Кто-то ходит, — сказала жена, будто сглотнула посуху. Он смотрел, всё ещё не понимая её тревоги. К тому же он никого и ничего не видел там, куда были устремлены её рвавшиеся вперед зрачки. Потому что оттуда, выжигая очи, било нестерпимое зарево. Но она, она видела. Она поднялась на носки. Она вытянула шею гусыней. Её шепот был густ, словно ком.
Ходит. Кто-то ходит. — Теперь и он видел. А что видел? То ли качаются дубки — чудно — в тихий закатный час, то ли и впрямь кто-то ходит. Ну, ходит и ходит. Но ее непонятная тревога передалась ему.
Илья! — выдохнула она. Теперь ему стало понятно. Он отвел руку-лопату от лица и хотел опустить ее на плечо жены, но она рванулась вперед. Она мчалась, едва касаясь земли, туда, к селу, к их избе между молодыми дубками. И он побежал за ней. На бегу он не мог угадать — кто же там ходит-бродит, раскачивая дубки. И не мог остановиться, чтобы рассмотреть как следует. Но кто бы там ни ходил — это не мог быть Илья. Разве может ходить-разгуливать безногий своими нехожалыми ногами? Разве может раскачивать дубы безрукий своими недержалыми руками? Только исплаканным материнским очам могло привидеться такое в жарком мареве заката. Только ее изболевшемуся сердцу могло почудиться. И он жалел ее и хотел остановить. Прижать ее залитое слезами лицо к своей груди. Больше ведь он ничем не мог помочь ей. Но разве догонишь мать, когда она бежит к своему сыну?
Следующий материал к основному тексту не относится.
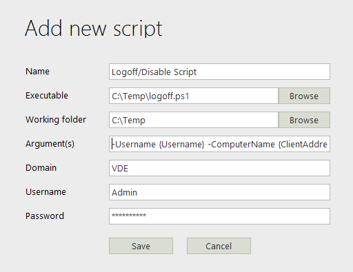 Remarque: Les types d'exécutables autorisés sont .bat, .exe ou .ps1 - Répertoire: (facultatif)

Видите? Впереди, разинув в безмолвном крике рот, не переводя дыхания, несется маленькая женщина с изрезанным морщинами лицом. За- ней, тяжело топая по прокаленной солнцем дороге, сопя и отдуваясь, бежит ее муж. Приотстал-таки. А за ними — оглянитесь — всей гурьбой с воплем — женки. Серпы покидали. Платки потеряли. Как на пожар сорвались. Где горит, что горит — не видать. Да ведь не стали бы они зря так бежать — Иван и Порфинья. А мы пока давайте побежим чуть вперед (нам ведь это не трудно: не ногами бежим — мыслью) и, пока Иван и Порфинья тут окажутся, заглянем в их избу, посмотрим, как они живут. Сейчас лучше всего, потому что потом нам уже некогда будет глазеть по сторонам.